INFORMATION PROVIDED =
•••••
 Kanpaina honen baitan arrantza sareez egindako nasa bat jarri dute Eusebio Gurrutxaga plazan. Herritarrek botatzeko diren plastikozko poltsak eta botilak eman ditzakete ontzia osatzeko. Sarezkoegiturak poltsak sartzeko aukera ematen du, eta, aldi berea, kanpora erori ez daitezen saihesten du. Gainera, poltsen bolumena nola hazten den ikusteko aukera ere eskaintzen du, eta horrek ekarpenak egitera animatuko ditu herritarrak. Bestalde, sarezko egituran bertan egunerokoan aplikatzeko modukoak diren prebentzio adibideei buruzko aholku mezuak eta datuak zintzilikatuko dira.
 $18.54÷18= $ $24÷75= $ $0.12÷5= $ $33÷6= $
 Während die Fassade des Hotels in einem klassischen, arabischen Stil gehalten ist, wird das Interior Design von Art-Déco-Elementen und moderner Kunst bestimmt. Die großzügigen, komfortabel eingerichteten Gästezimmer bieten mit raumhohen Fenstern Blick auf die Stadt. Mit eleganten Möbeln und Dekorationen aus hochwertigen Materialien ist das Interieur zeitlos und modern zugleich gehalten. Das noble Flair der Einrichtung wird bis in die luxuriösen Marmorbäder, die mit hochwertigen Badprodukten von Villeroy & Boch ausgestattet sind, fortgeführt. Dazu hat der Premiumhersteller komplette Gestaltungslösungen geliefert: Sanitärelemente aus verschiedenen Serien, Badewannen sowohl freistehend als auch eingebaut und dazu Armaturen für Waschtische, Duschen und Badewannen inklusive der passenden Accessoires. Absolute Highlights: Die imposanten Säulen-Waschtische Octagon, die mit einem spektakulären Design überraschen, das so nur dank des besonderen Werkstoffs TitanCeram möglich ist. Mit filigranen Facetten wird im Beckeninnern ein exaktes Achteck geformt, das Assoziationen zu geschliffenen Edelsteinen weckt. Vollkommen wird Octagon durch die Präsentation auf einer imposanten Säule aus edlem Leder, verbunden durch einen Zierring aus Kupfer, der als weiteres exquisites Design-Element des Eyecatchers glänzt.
•••••
DESCRIPTION OF THE TASK =
Extract the complete listing above, reproducing each line exactly.

SOLUTION =
 Kanpaina honen baitan arrantza sareez egindako nasa bat jarri dute Eusebio Gurrutxaga plazan. Herritarrek botatzeko diren plastikozko poltsak eta botilak eman ditzakete ontzia osatzeko. Sarezkoegiturak poltsak sartzeko aukera ematen du, eta, aldi berea, kanpora erori ez daitezen saihesten du. Gainera, poltsen bolumena nola hazten den ikusteko aukera ere eskaintzen du, eta horrek ekarpenak egitera animatuko ditu herritarrak. Bestalde, sarezko egituran bertan egunerokoan aplikatzeko modukoak diren prebentzio adibideei buruzko aholku mezuak eta datuak zintzilikatuko dira.
 $18.54÷18= $ $24÷75= $ $0.12÷5= $ $33÷6= $
 Während die Fassade des Hotels in einem klassischen, arabischen Stil gehalten ist, wird das Interior Design von Art-Déco-Elementen und moderner Kunst bestimmt. Die großzügigen, komfortabel eingerichteten Gästezimmer bieten mit raumhohen Fenstern Blick auf die Stadt. Mit eleganten Möbeln und Dekorationen aus hochwertigen Materialien ist das Interieur zeitlos und modern zugleich gehalten. Das noble Flair der Einrichtung wird bis in die luxuriösen Marmorbäder, die mit hochwertigen Badprodukten von Villeroy & Boch ausgestattet sind, fortgeführt. Dazu hat der Premiumhersteller komplette Gestaltungslösungen geliefert: Sanitärelemente aus verschiedenen Serien, Badewannen sowohl freistehend als auch eingebaut und dazu Armaturen für Waschtische, Duschen und Badewannen inklusive der passenden Accessoires. Absolute Highlights: Die imposanten Säulen-Waschtische Octagon, die mit einem spektakulären Design überraschen, das so nur dank des besonderen Werkstoffs TitanCeram möglich ist. Mit filigranen Facetten wird im Beckeninnern ein exaktes Achteck geformt, das Assoziationen zu geschliffenen Edelsteinen weckt. Vollkommen wird Octagon durch die Präsentation auf einer imposanten Säule aus edlem Leder, verbunden durch einen Zierring aus Kupfer, der als weiteres exquisites Design-Element des Eyecatchers glänzt.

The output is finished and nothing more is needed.